_The problem_: Leave out the pictures, and write out exactly the lines from the beginning of the material to the line holding "Eine Taucheruhr-Uhr mit", that line included, and nothing else.

BEGIN

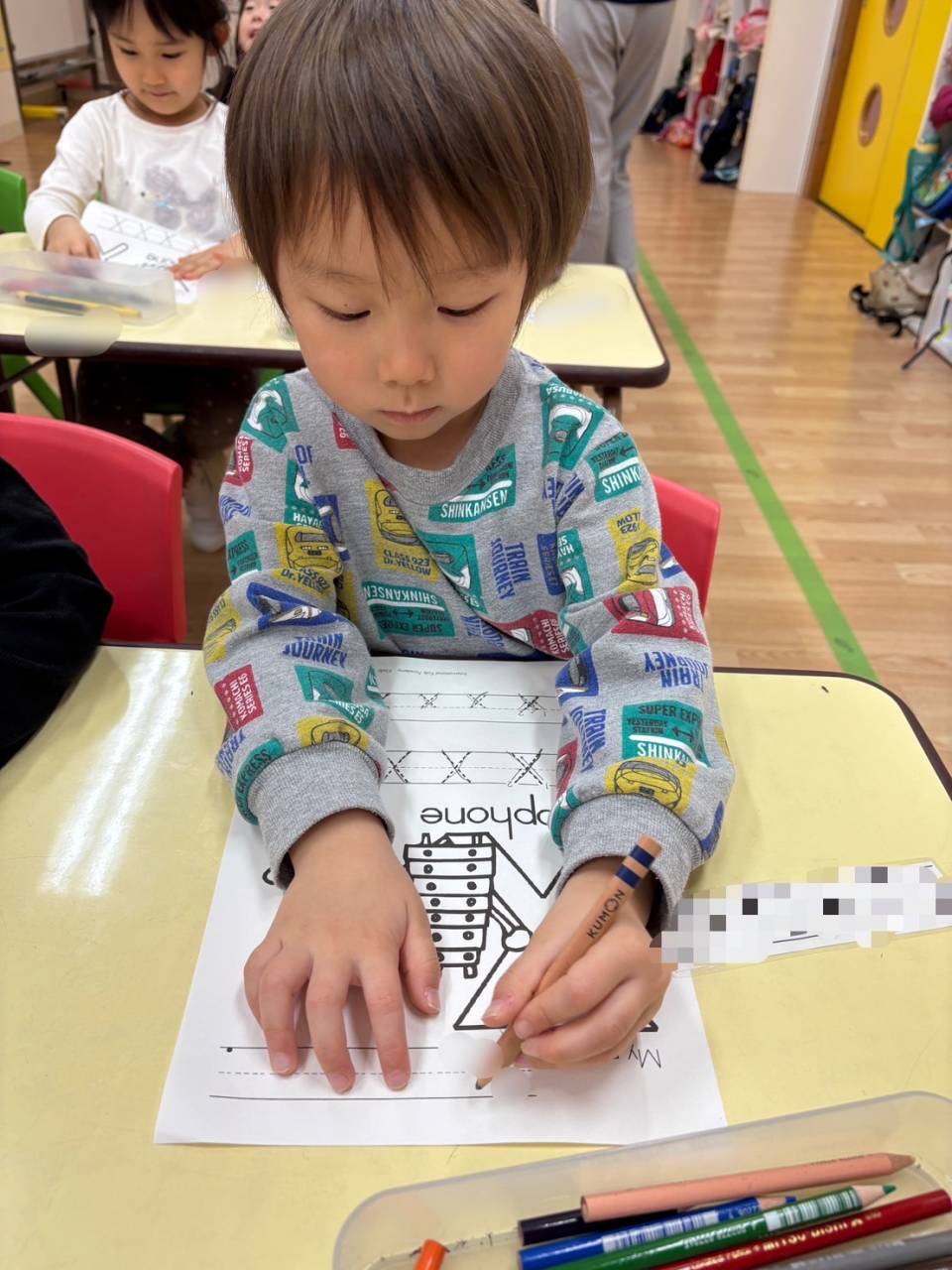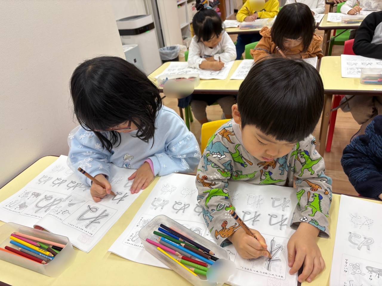 "Our writing lesson so far!" (文字を書く練習) ☆ Kindy 1 (年少クラス)
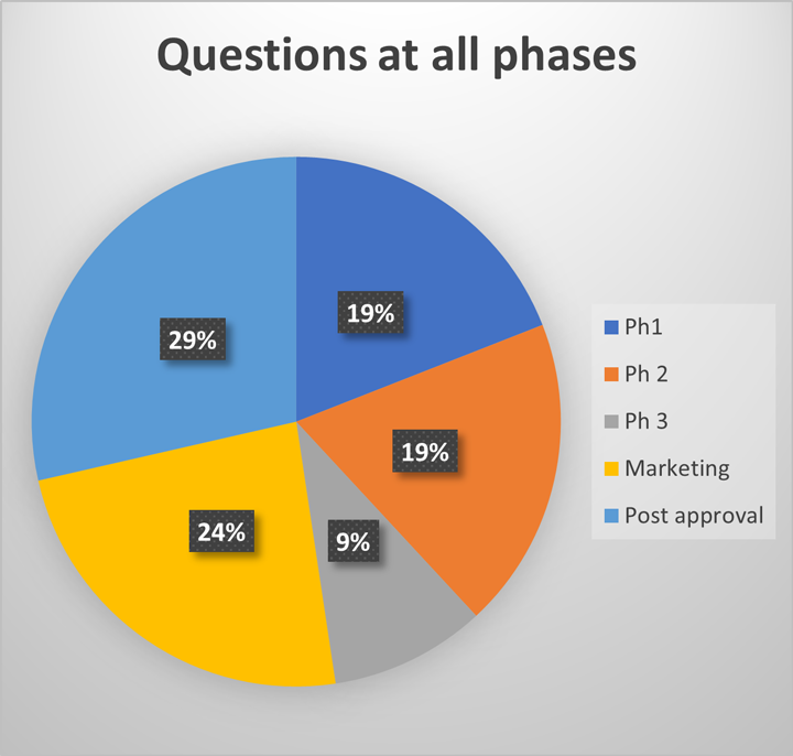 During both clinical trial and marketing applications, regulatory agencies request additional information to support the in-use hold time of a product within the clinical administration environment. A review of regulatory questions at AstraZeneca over the past four years demonstrates that these questions come from regulators all around the world, at all phases throughout a product life cycle (see Figures 1 and 2).
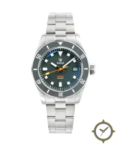 Eine Taucheruhr-Uhr mit einem markanten 42.5mm Auftritt am Handgelenk, gefertigt aus Edelstahl mit einem Zifferblatt in grün und einer besonderen "sunburst"-Oberfläche.
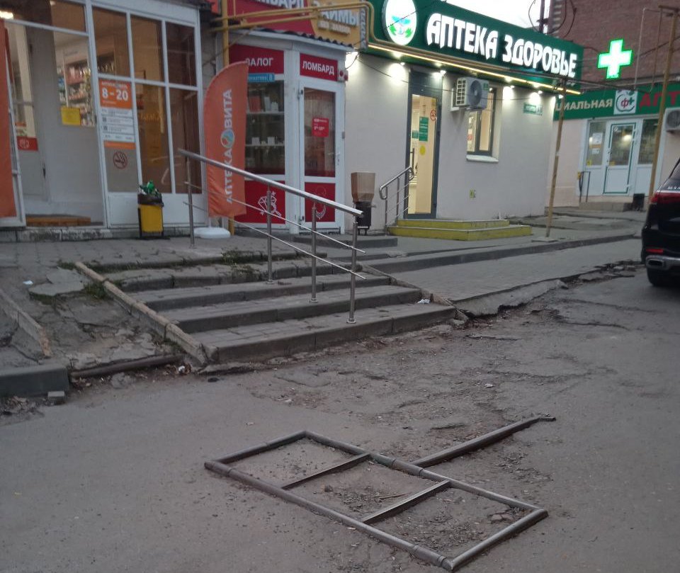 Горожане пишут, что оживленное место, где расположены несколько торговых точек, небезопасно. Разбитые плитка и ступеньки, торчащие куски асфальта и металлические предметы, ямы и колдобины — все это вызывает беспокойство.
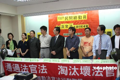 臺(tái)灣“民間推動(dòng)法官法行動(dòng)聯(lián)盟”十月二十五日召開(kāi)記者會(huì)宣布,將于十月二十七日在臺(tái)北中正紀(jì)念堂前廣場(chǎng)發(fā)動(dòng)“我要法官法”大游行。組織者說(shuō),很多人進(jìn)法院是要追求公平正義,但卻因不良的法官,受到再次傷害,法官法法案中最重要的就是法官的淘汰機(jī)制。在臺(tái)灣, 法官法已推動(dòng)十幾年,至今尚未通過(guò)。中新社發(fā) 耿軍 攝
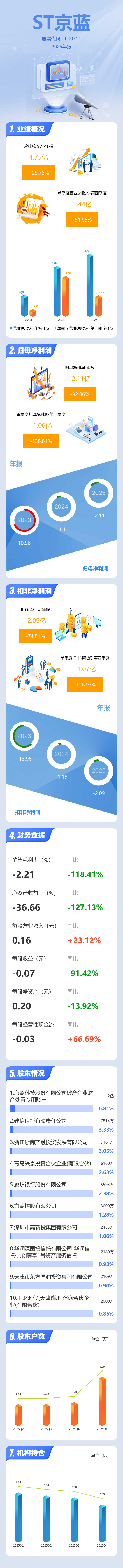 证券之星消息,ST京蓝2025年年报显示,当年度公司主营收入4.75亿元,同比上升25.76%;归母净利润-2.11亿元,同比下降92.07%;扣非净利润-2.09亿元,同比下降74.81%;其中2025年第四季度,公司单季度主营收入1.44亿元,同比下降51.66%;单季度归母净利润-1.06亿元,同比下降138.85%;单季度扣非净利润-1.07亿元,同比下降126.98%;负债率52.52%,投资收益97.0万元,财务费用361.84万元,毛利率-2.21%。

END

_Response below_:
 "Our writing lesson so far!" (文字を書く練習) ☆ Kindy 1 (年少クラス)
 During both clinical trial and marketing applications, regulatory agencies request additional information to support the in-use hold time of a product within the clinical administration environment. A review of regulatory questions at AstraZeneca over the past four years demonstrates that these questions come from regulators all around the world, at all phases throughout a product life cycle (see Figures 1 and 2).
 Eine Taucheruhr-Uhr mit einem markanten 42.5mm Auftritt am Handgelenk, gefertigt aus Edelstahl mit einem Zifferblatt in grün und einer besonderen "sunburst"-Oberfläche.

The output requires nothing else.